Exercise prompt
Which lines run from the one containing "विधायक बागेश्वर पार्वती" through the last line of the records? Copy them exactly, leaving pictures out.

Data records
=======

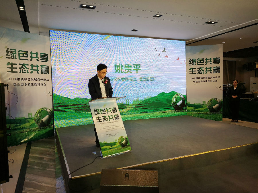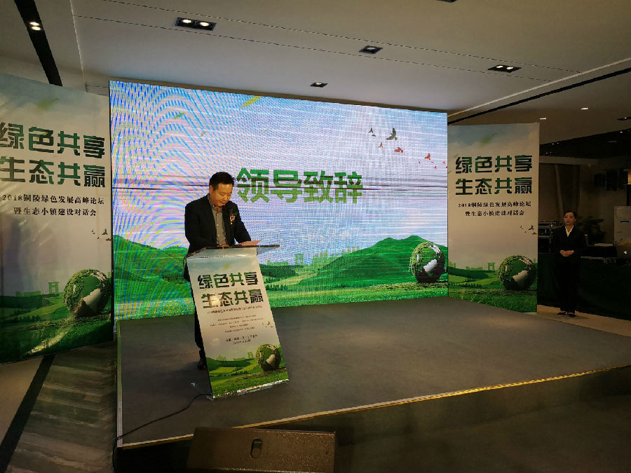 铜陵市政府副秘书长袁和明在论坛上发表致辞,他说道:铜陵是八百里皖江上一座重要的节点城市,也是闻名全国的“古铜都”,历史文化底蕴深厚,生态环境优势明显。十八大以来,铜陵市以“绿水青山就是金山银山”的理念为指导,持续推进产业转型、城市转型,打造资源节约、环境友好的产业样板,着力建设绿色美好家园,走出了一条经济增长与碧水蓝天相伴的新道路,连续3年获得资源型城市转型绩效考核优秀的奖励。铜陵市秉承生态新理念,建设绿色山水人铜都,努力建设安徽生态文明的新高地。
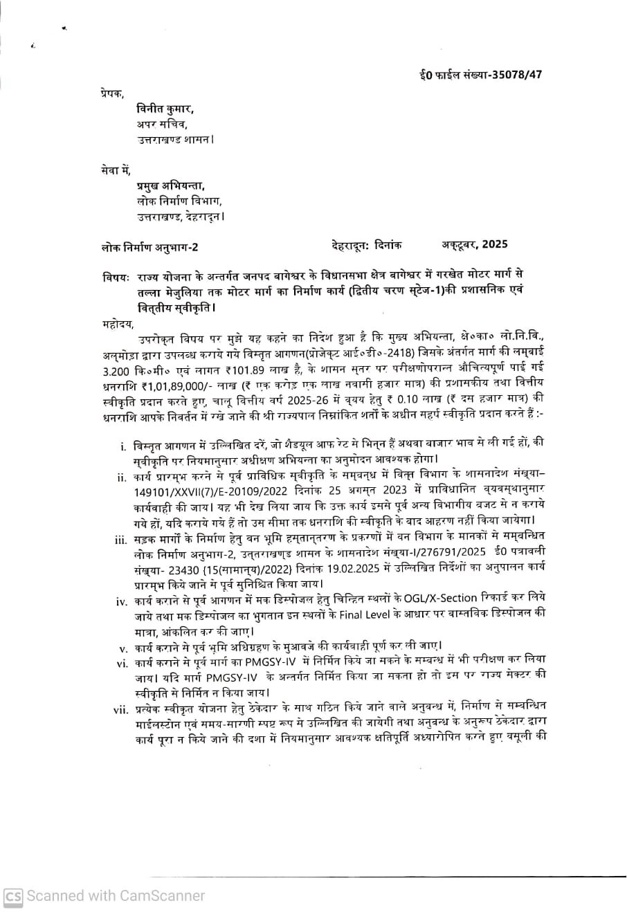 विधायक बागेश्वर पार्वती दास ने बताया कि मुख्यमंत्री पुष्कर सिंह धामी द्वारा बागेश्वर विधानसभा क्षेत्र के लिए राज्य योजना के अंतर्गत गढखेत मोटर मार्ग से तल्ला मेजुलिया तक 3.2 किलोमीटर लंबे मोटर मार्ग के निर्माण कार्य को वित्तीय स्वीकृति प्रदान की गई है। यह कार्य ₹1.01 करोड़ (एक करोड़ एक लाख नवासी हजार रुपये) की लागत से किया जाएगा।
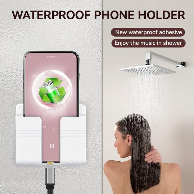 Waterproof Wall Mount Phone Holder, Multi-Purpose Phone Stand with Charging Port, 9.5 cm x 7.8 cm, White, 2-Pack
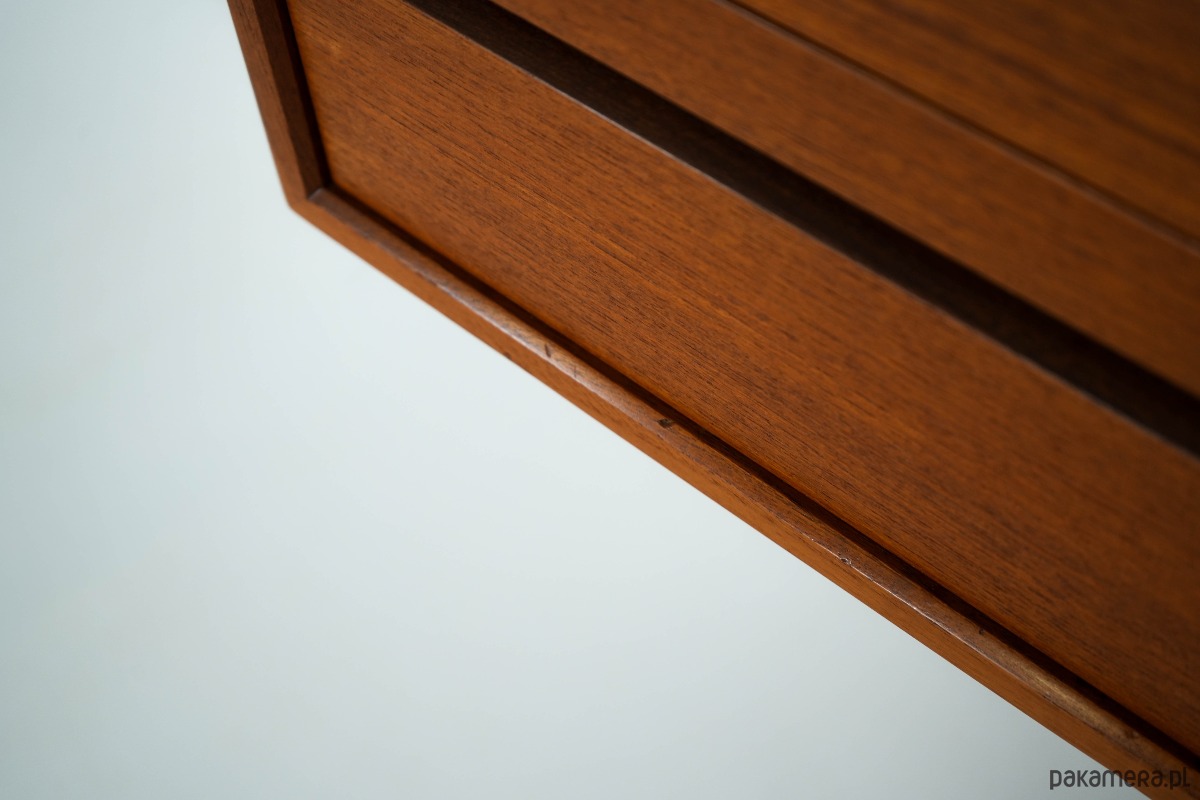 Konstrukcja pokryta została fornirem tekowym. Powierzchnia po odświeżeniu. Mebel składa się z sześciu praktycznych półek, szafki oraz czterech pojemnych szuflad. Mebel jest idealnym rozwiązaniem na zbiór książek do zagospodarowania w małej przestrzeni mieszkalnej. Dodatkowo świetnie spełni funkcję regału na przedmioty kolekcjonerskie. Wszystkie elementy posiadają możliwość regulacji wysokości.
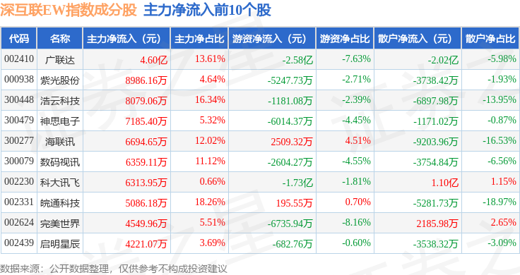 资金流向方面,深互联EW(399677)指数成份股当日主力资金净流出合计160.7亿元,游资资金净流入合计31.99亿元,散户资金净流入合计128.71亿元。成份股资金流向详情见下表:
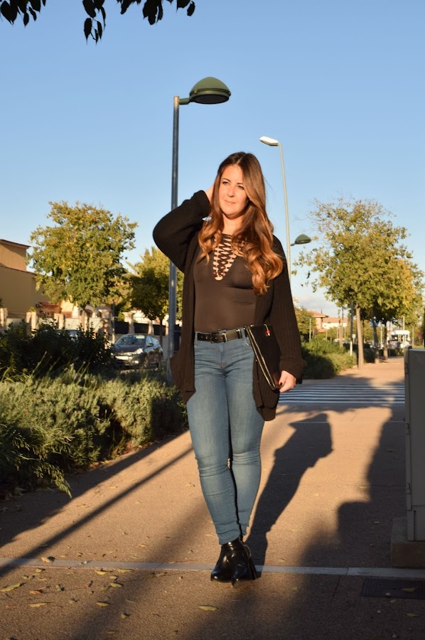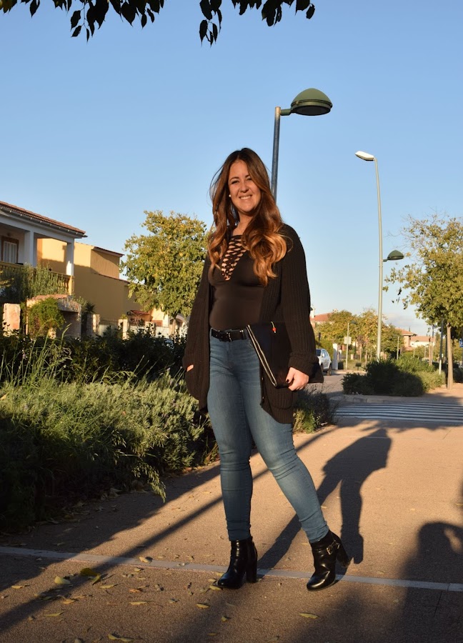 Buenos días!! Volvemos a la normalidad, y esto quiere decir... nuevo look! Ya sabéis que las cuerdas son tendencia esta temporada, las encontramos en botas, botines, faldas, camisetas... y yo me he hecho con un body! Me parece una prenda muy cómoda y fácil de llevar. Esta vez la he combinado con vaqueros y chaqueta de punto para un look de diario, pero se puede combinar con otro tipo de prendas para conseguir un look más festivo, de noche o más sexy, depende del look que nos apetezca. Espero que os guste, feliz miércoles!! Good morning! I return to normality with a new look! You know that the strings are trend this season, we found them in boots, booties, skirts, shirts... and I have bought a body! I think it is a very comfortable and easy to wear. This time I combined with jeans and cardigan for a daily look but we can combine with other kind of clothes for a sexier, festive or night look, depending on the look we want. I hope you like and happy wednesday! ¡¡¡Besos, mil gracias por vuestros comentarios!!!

=======

Expected output
 विधायक बागेश्वर पार्वती दास ने बताया कि मुख्यमंत्री पुष्कर सिंह धामी द्वारा बागेश्वर विधानसभा क्षेत्र के लिए राज्य योजना के अंतर्गत गढखेत मोटर मार्ग से तल्ला मेजुलिया तक 3.2 किलोमीटर लंबे मोटर मार्ग के निर्माण कार्य को वित्तीय स्वीकृति प्रदान की गई है। यह कार्य ₹1.01 करोड़ (एक करोड़ एक लाख नवासी हजार रुपये) की लागत से किया जाएगा।
 Waterproof Wall Mount Phone Holder, Multi-Purpose Phone Stand with Charging Port, 9.5 cm x 7.8 cm, White, 2-Pack
 Konstrukcja pokryta została fornirem tekowym. Powierzchnia po odświeżeniu. Mebel składa się z sześciu praktycznych półek, szafki oraz czterech pojemnych szuflad. Mebel jest idealnym rozwiązaniem na zbiór książek do zagospodarowania w małej przestrzeni mieszkalnej. Dodatkowo świetnie spełni funkcję regału na przedmioty kolekcjonerskie. Wszystkie elementy posiadają możliwość regulacji wysokości.
 资金流向方面,深互联EW(399677)指数成份股当日主力资金净流出合计160.7亿元,游资资金净流入合计31.99亿元,散户资金净流入合计128.71亿元。成份股资金流向详情见下表:
 Buenos días!! Volvemos a la normalidad, y esto quiere decir... nuevo look! Ya sabéis que las cuerdas son tendencia esta temporada, las encontramos en botas, botines, faldas, camisetas... y yo me he hecho con un body! Me parece una prenda muy cómoda y fácil de llevar. Esta vez la he combinado con vaqueros y chaqueta de punto para un look de diario, pero se puede combinar con otro tipo de prendas para conseguir un look más festivo, de noche o más sexy, depende del look que nos apetezca. Espero que os guste, feliz miércoles!! Good morning! I return to normality with a new look! You know that the strings are trend this season, we found them in boots, booties, skirts, shirts... and I have bought a body! I think it is a very comfortable and easy to wear. This time I combined with jeans and cardigan for a daily look but we can combine with other kind of clothes for a sexier, festive or night look, depending on the look we want. I hope you like and happy wednesday! ¡¡¡Besos, mil gracias por vuestros comentarios!!!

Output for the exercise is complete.